Die Pandemie sei für Lehrer und vor allem die Jugendlichen eine schwere Zeit gewesen: «Der Online-Unterricht kann den präsentiellen Unterricht nicht ersetzen! Man hat gemerkt, dass den jungen Leuten der persönliche Kontakt, die Zuwendung und der Zusammenhalt gefehlt hat.» In diesem Jahr kann das Insalco einen Rekord an Studienanfängern bei den drei bilingualen Ausbildungsgängen im Bereich Groß- und Außenhandel, Schifffahrt und Logistik verzeichnen: insgesamt 31 neue Studenten. Hinzukommen die sieben Schülerinnen und Schüler für den neuen Ausbildungsgang «Comercio y Transporte Internacional», der ganz in Spanisch stattfindet. Dieser soll es auch Jugendlichen, die kein Deutsch sprechen, ermöglichen eine duale Ausbildung zu machen.
Was für ihn selbst gilt, empfiehlt er auch den Jugendlichen: «Nicht immer ist der gerade Berufsweg und der vorgegebene Pfad der beste. Gerade für die jungen Menschen ist es gut, Erfahrungen zu sammeln, etwas auszuprobieren, Neues kennenzulernen und eine gewisse Offenheit zu behalten, um das zu finden, was Freude und Leidenschaft weckt.» Es tue gut, auch mal von zuhause wegzugehen, auch wenn das Abschied von Familie und Freunden bedeute. «Wenn man dann aber zurückkommt, hat man einen Rucksack voll an Erfahrungen, Freundschaften und schönen Erinnerungen.»

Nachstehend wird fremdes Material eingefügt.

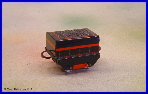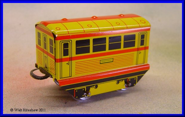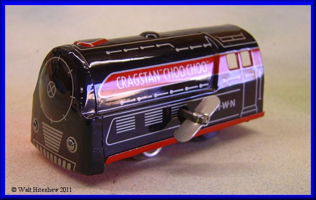 NOTE--------------Adorable little postwar German set with track. Gauge is just smaller than O measuring just over 1-1/8". Set is tiny measuring 9" total. Imported by Cragsten.

Dieser Abschied steht nun dem 52-Jährigen bevor. So wie seine Frau Kirstin und die drei Kinder Franka, Lenja und Luca hat er Land und Leute in Chile schätzen gelernt. «Als leidenschaftlicher Skifahrer und Skilehrer war die Nähe der Anden fantastisch», bemerkt Thomas Mittelstraß begeistert.
Auch sein Team, die zehn Lehrerinnen und Lehrer sowie die drei Leitungsteammitglieder beim Insalco, werde er vermissen. «Das hat schon seinen Grund, dass wir uns „Dreamteam“ nennen», stellt er schmunzelnd fest und betont: «Die Digitalisierung, die Einführung von SAP, die Projekte und Austauschprogramme – das ist uns nur durch eine sehr gute Zusammenarbeit gelungen.»
Den Unternehmern ruft Thomas Mittelstraß zu: «Einen jungen Menschen gut auszubilden, ist langfristig die beste Investition und zahlt sich für die Zukunft aus – wer vernünftig ausbildet, hat in zwei Jahren eine Toparbeitskraft.»